Before you can perform the match, all three ranges of data have to be converted to a table by selecting each individual range and pressing Ctrl+T. Then rename each table: Select one cell in a table. Go to the Table Tools tab in the Ribbon and type a meaningful name such as “Census,” “Forms,” and “Nicknames.”
DEFINING CONNECTIONS TO EACH TABLE
Fuzzy Excel Plugin
You need to convert each of the three tables to a connection in Excel. From cell A1, select, Data, From Table/Range (as shown at the red arrow in Figure 1). Excel will open the Power Query Editor. The first icon on the Home tab says “Close & Load.” Click the drop-down menu below it and choose “Close & Load To…” to open the Import Data dialog box. Choose the fourth item, called Only Create Connection.
Repeat the process of creating a connection for the other two tables, starting in cell D1 and cell G1, respectively. If you created all three connections correctly, you should see three queries listed as “Connection Only” in the Queries & Connections pane on the right side of the Excel window.
PERFORMING THE FUZZY MATCH
Select a blank cell in your worksheet. From the Data tab, select Get Data, Combine Queries, Merge to open the Merge dialog. There are many subtle settings in this dialog that aren’t intuitive. Figure 2 shows the eight steps:
Fuzzy Excel
- From the top drop-down menu, select the Census table.
- In the small data preview, click on the heading(s) of the fields to be used for the matching. In this case, it’s the Employee Name heading.
- From the second drop-down menu, choose the name of the lookup table. In this case, Forms.
- In the data preview, click on the heading(s) of the fields to be used for matching, such as Name.
- Check the box for “Use fuzzy matching to perform the merge.”
- Several special settings are hidden behind the drop-down menu for the fuzzy matching options. Click the triangle to reveal this section.
- Scroll to the bottom of the section and set Nicknames as the Transformation Table.
- Verify that the number of matches found is the same as the number of records in the Forms table.
Click OK to perform the merge. The grid in the Power Query Editor will show columns for Employee Name, Department, and then a column called Forms. The value in each row for Forms simply says “Table” in each row. To the right of the “Forms” heading is an Expand icon with two arrows pointing left and right. Click this icon to choose which fields from the Forms table to return.
Once you have the preview shown in the Power Query Editor, go to Home, Close & Load to deliver the results to a new table on a new worksheet. You could optionally use Close & Load To… and specify a location on an existing worksheet for the table.

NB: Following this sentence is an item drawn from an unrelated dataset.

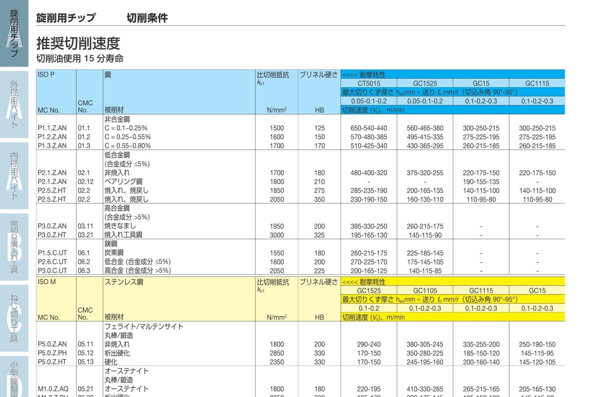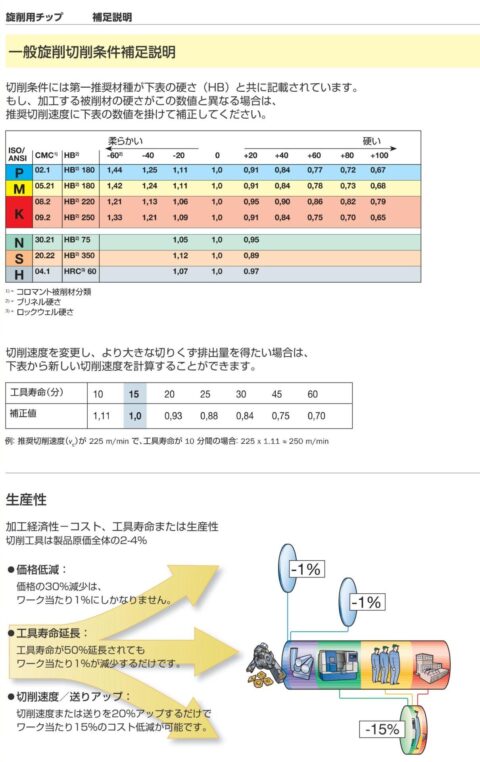 工具メーカーカタログにある切削条件表は15分寿命で載っています。

At this point, review the results to make sure no false matches were found. If everything looks good, you can sort or filter to remove the records that show a match, leaving the people who haven’t turned in the form.
Ever since my Accounting 101 class, I was taught that “close” is never acceptable in accounting. This leads to a reluctance to trust the fuzzy matching algorithm. Yet there are cases where the fuzzy match tool is the only solution short of manually matching records.
SF Says:
As more people turn in their forms, choosing Data, Refresh All will automatically perform the fuzzy match again.